II L'Univers et l'homme

III. Univers et Evolution.

IV. Le temps créateur

V. La finalité dans l'Univers.

VI. Dieu, l'homme et la liberté de l'Univers.

VII. La connaissance de l'Univers par la science.

VIII. L'homme et l'unité de la réalité.

IX. L'articulation des discours scientifique et métaphysique sur l'Univers.

X. Temps et évolution.

A. L'espace et le temps

B. Le temps et le mouvement.

Un des premiers philosophes à s'être rendu compte qu'il fallait séparer le temps du mouvement, que ce soit le mouvement en général ou le mouvement des astres du ciel en particulier, est Saint-Augustin.
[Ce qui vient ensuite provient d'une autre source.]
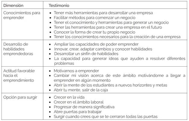 De los hallazgos del estudio sobre los factores que impulsan la intención emprendedora de los estudiantes se concluye que el deseo de emprender es más fuerte entre los discentes que poseen el convencimiento íntimo de que son capaces de emprender (autoconfianza), perciben que la educación emprendedora es útil para su desarrollo personal-profesional, y cuentan con la experiencia laboral que los lleva a valorar la independencia y la autonomía para la toma de decisiones.

Il a essayé de le montrer par une critique scientifique, en remarquant que la comparaison directe de deux intervalles de temps successifs est impossible (Confessions  XI XXIII 30). Et il a pris l'exemple suivant: lorsque l'on repère les passages successifs d'une même étoile au méridien d'un lieu, il s'écoule entre chaque passage un intervalle de temps que nous déclarons tous égaux entre eux, mais cette affirmation n'est ni un énoncé de fait, ni une conjecture que l'on pourrait vérifier, mais un axiome. Si en effet, on supposait que les mouvements dans le ciel accélèrent ou se ralentissent, il n'y a aucune raison pour que cela change la vitesse des mouvements que nous faisons sur cette Terre, et donc le temps continuerait de s'écouler de la même manière.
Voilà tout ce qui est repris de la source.